Another point is that they do share similarities, which might we might now just describe as being 'modern': They're generally procedual -- you organize your code into modules (not classes) with structs and functions, they generally like static linking, type inference for greater ergonomics, the compiler includes the build system and a packager manager, there's a good formatter.

The above are points for both rust and go compared to C/C++, Python, Java, etc.

So why do I like go? I think mostly it's that it makes some strong engineering trade-offs, trying to get 80% for 20% of the price. That manifests itself in a number of ways.

It's not the fastest language, but neither is it slow.

I really dislike exceptions because there's no documentation for how a function can fail.
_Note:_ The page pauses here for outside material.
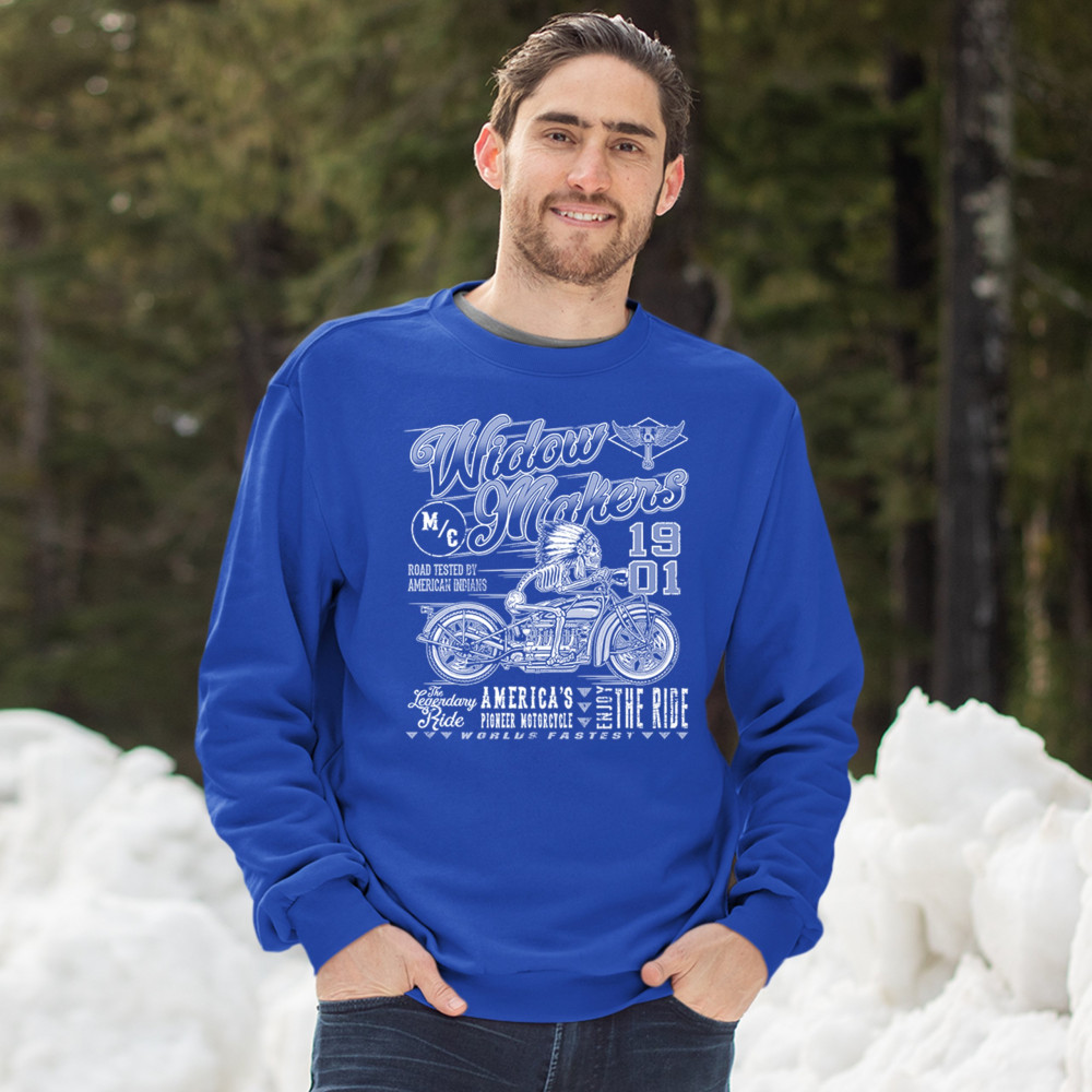 M/C WIDOWMAKERS 1901 sweatshirt native american bikers motorcycle club crewneck royal blue

For this reason I prefer go style errors, which are an improvement on the C error story. Yes it has warts, but it's 80% good enough.

It's a simple language with batteries included. You can generally follow the direction set and be happy. It leads itself to simple, getting-things-done kind of code, rather than being over-abstracted. Being simple also makes for great compile times.

2 comments

> I agree that go and rust have different areas, but that was less clear when they were getting started

That I agree with.

But Go is anything but modern on a language front. It shares almost nothing with Rust, which actually has a modern type system (from ML/Haskell).

Even if we disagree about exceptions (I do like them as they do the correct thing most of the time, while they don’t mask errors, but include a proper stacktrace), go’s error handling is just catastrophic, being an update from c which is even worse is not a positive.

I'm not arguying that go has modern tech, but rather that it has modern sensibilities. This means not trying to force 90s style OOP, preferring static linking for easier deployment, including a build system and package manager with the compiler and preferring static types with type inference to dynamic types.

This differentiates go, rust, zig, odin etc., from languages like C++, Java, C#, Python etc. I think it makes sense to describe that difference as one of modern sensibilities.

go's error handling is not catastrophic, it is very good
> I really dislike exceptions because there's no documentation for how a function can fail. For this reason I prefer go style errors, which are an improvement on the C error story. Yes it has warts, but it's 80% good enough.

I’m not a go developer. How does go document how a function can fail?

A Java developer can use checked exceptions so that some information is in the signature. For unchecked exceptions the documentation must explain.

I guess in Go the type of the error return value provides some information but the rest needs to be filled in by the documentation, just like the Java checked exceptions case.

> I’m not a go developer. How does go document how a function can fail?

There's no magic to it. Errors are values, so it's a part of the function signature that there's an error code to check. In C++ any function can throw an exception and there's no way of knowing that it wont.

It's true that go doesn't document what _kinds_ of errors it can throw, but at least I know there's something to check.

But that doesn’t document _how_ a function can fail. Just that it _can_ fail.